DIRECTIONS
Locate the line that contains "Библиографическое описание:Тарасов, А." in the data that follows. Copy it and every subsequent line to the end, exactly, excluding pictures.

RECORDED INFORMATION
* * * *

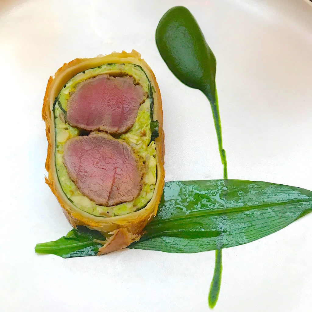 — Muntjac Wellington with wild garlic sprouting broccoli and Jersey Royals
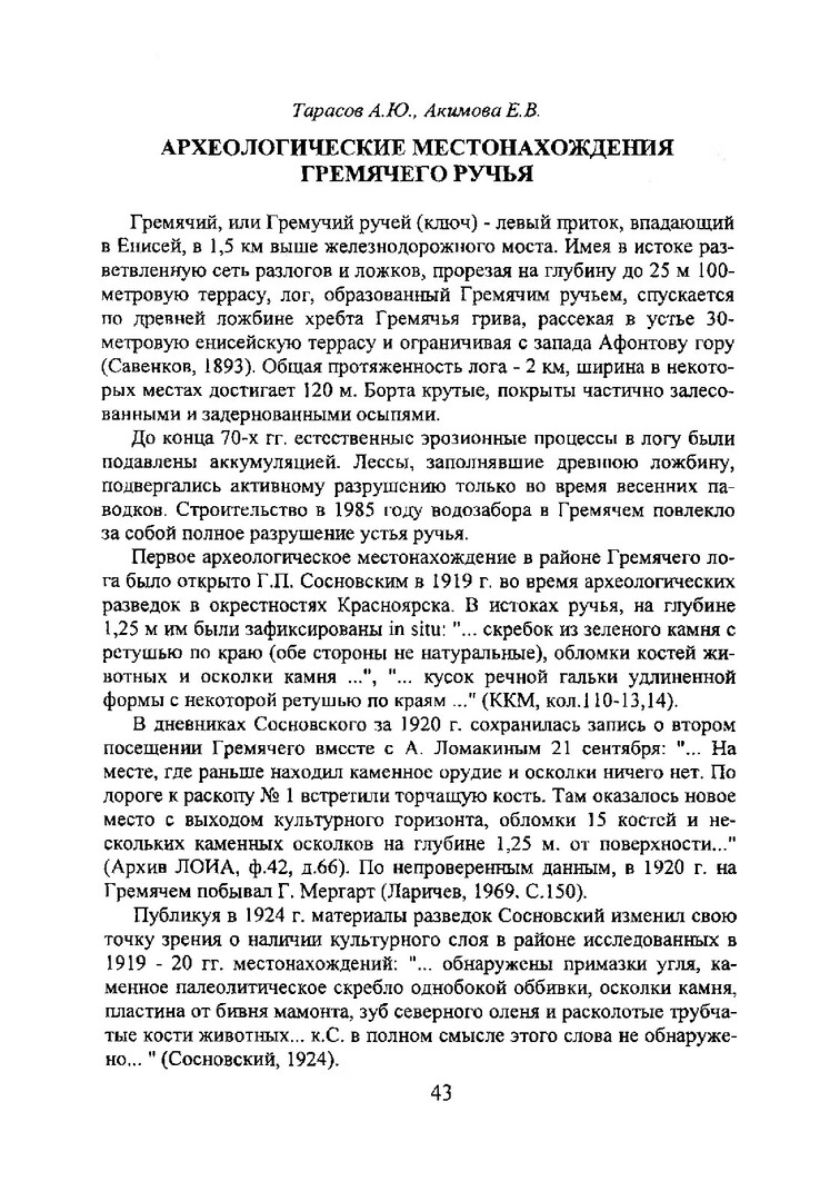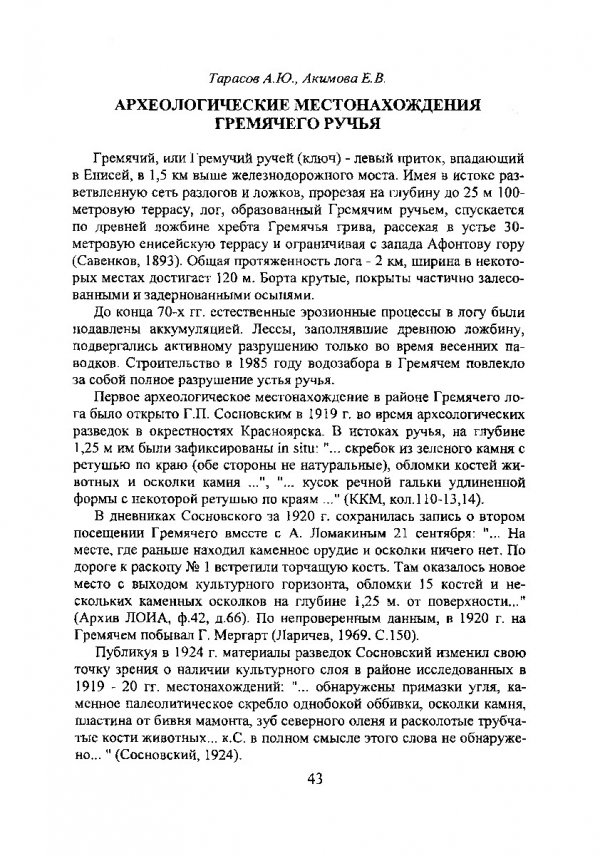 Библиографическое описание:Тарасов, А. Ю. Археологические местонахождения Гремячего ручья / А. Ю. Тарасов, Е. В. Акимова. - Текст : непосредственный // Древности Приенисейской Сибири. - Красноярск : КрасГУ, 1996. - Вып. I. - С. 43-46. - Библиогр. в конце ст.
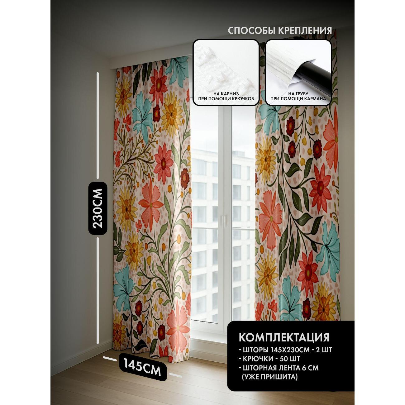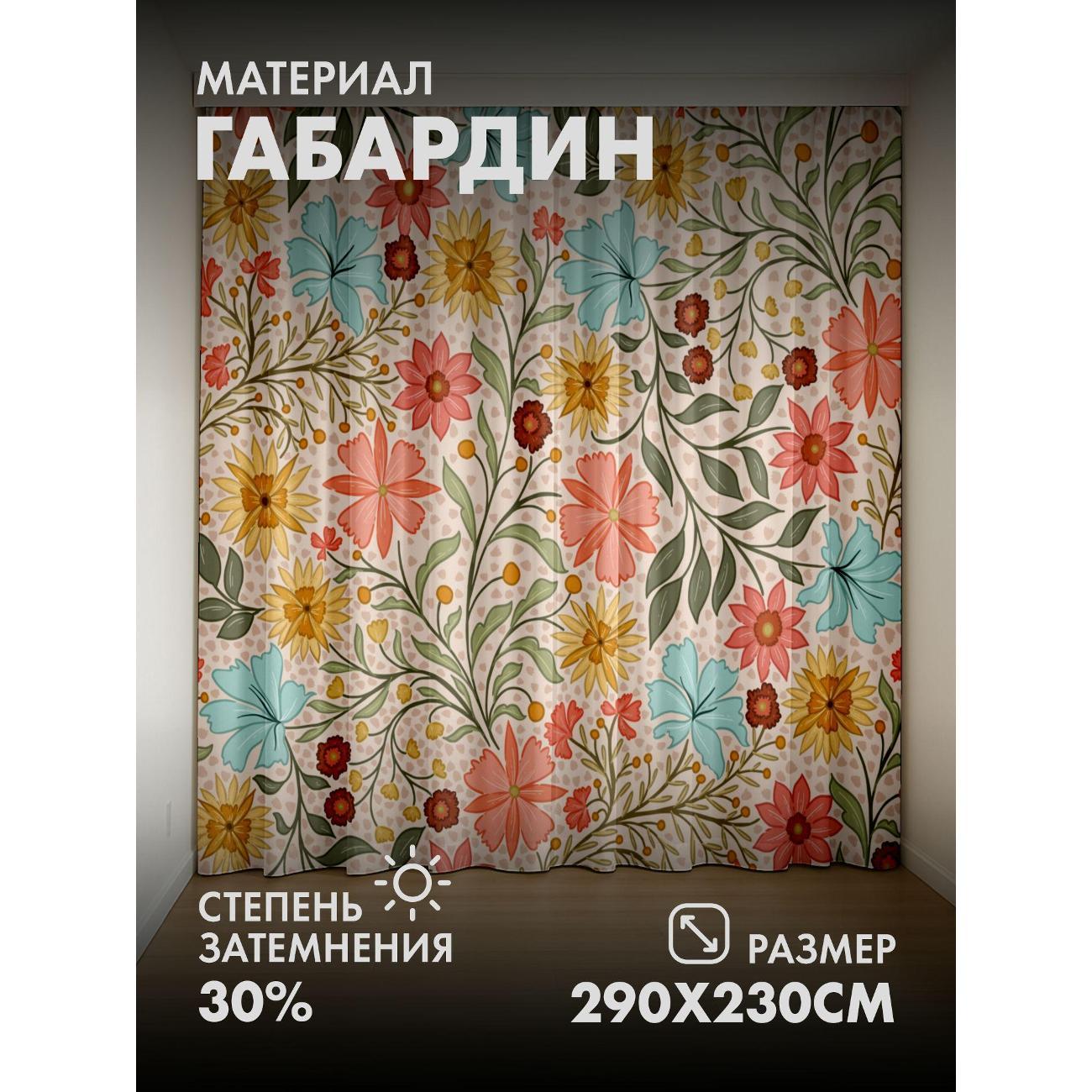Фотошторы 365home 3D Цветочный узор: розовые, желтые

* * * *

ANSWER FOR THIS EXERCISE
 Библиографическое описание:Тарасов, А. Ю. Археологические местонахождения Гремячего ручья / А. Ю. Тарасов, Е. В. Акимова. - Текст : непосредственный // Древности Приенисейской Сибири. - Красноярск : КрасГУ, 1996. - Вып. I. - С. 43-46. - Библиогр. в конце ст.
Фотошторы 365home 3D Цветочный узор: розовые, желтые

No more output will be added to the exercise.